:: DATA SEGMENT ::

----------------------------------------

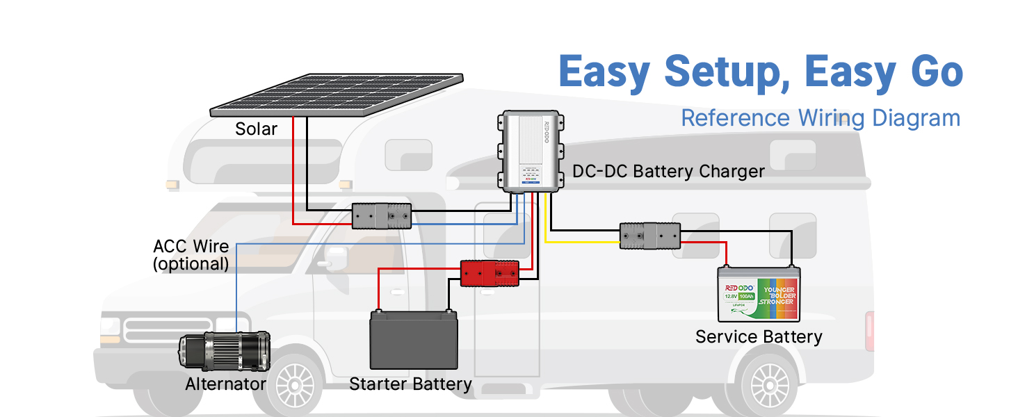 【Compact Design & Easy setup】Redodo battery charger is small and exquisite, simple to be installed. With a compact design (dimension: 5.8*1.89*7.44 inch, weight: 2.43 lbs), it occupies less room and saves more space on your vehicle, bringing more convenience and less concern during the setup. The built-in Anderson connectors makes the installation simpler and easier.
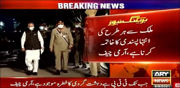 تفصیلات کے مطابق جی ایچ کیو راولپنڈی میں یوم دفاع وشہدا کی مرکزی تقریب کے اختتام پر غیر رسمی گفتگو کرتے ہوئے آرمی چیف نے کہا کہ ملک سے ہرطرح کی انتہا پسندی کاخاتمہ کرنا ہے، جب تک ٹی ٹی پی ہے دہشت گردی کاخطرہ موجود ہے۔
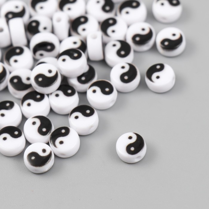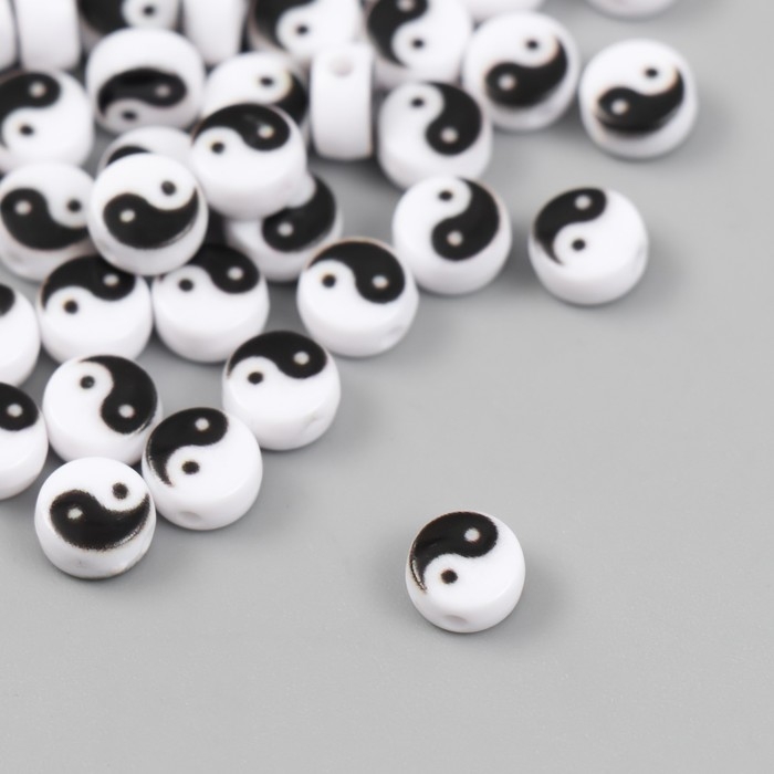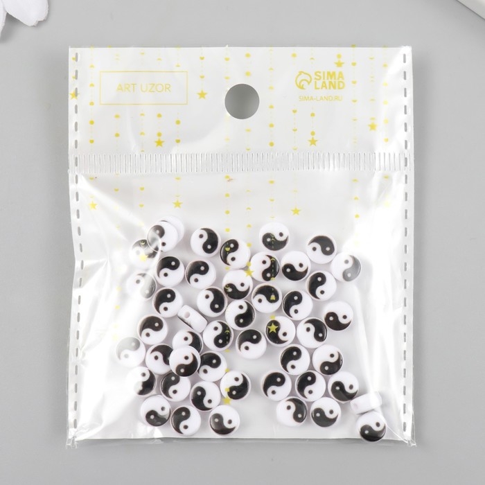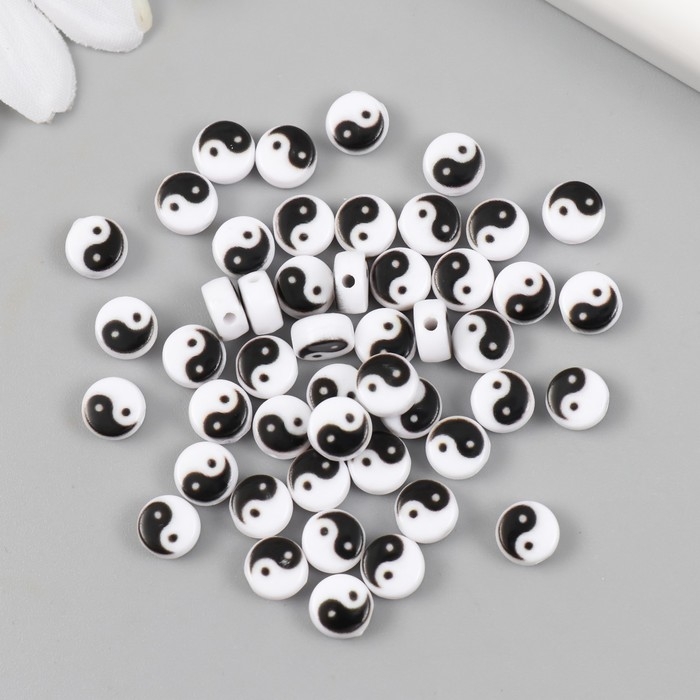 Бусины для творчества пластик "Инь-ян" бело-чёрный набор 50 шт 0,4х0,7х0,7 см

----------------------------------------

:: INSTRUCTIONS TO FOLLOW ::
Since the pictures are not part of the copy, transcribe only the remaining material, exactly.

:: RESULT OF THIS TASK ::
 【Compact Design & Easy setup】Redodo battery charger is small and exquisite, simple to be installed. With a compact design (dimension: 5.8*1.89*7.44 inch, weight: 2.43 lbs), it occupies less room and saves more space on your vehicle, bringing more convenience and less concern during the setup. The built-in Anderson connectors makes the installation simpler and easier.
 تفصیلات کے مطابق جی ایچ کیو راولپنڈی میں یوم دفاع وشہدا کی مرکزی تقریب کے اختتام پر غیر رسمی گفتگو کرتے ہوئے آرمی چیف نے کہا کہ ملک سے ہرطرح کی انتہا پسندی کاخاتمہ کرنا ہے، جب تک ٹی ٹی پی ہے دہشت گردی کاخطرہ موجود ہے۔
 Бусины для творчества пластик "Инь-ян" бело-чёрный набор 50 шт 0,4х0,7х0,7 см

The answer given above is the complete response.